TASK DETAILS:
Each line of the listing, apart from the pictures, is to be printed exactly.

DATASET SECTION:
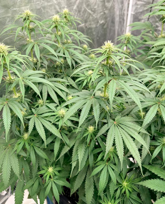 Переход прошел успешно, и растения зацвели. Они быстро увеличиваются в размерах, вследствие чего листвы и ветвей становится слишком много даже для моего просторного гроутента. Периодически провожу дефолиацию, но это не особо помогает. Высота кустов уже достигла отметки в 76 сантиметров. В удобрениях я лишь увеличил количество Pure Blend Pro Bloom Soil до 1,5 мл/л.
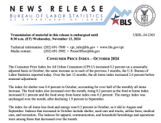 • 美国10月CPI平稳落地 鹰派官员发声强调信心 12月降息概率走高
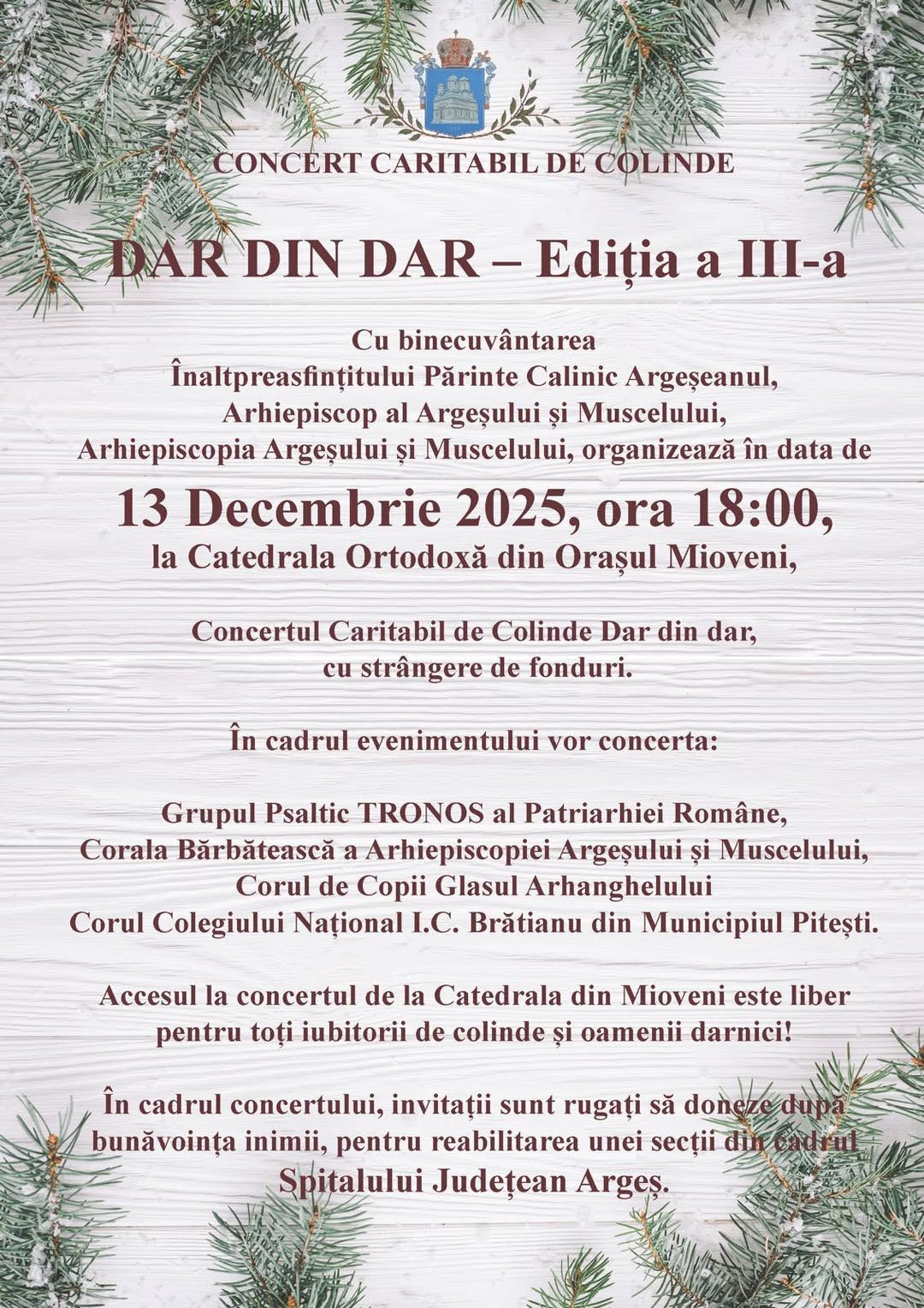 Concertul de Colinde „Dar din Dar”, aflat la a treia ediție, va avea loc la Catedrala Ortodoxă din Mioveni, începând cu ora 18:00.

RESPONSE:
 Переход прошел успешно, и растения зацвели. Они быстро увеличиваются в размерах, вследствие чего листвы и ветвей становится слишком много даже для моего просторного гроутента. Периодически провожу дефолиацию, но это не особо помогает. Высота кустов уже достигла отметки в 76 сантиметров. В удобрениях я лишь увеличил количество Pure Blend Pro Bloom Soil до 1,5 мл/л.
 • 美国10月CPI平稳落地 鹰派官员发声强调信心 12月降息概率走高
 Concertul de Colinde „Dar din Dar”, aflat la a treia ediție, va avea loc la Catedrala Ortodoxă din Mioveni, începând cu ora 18:00.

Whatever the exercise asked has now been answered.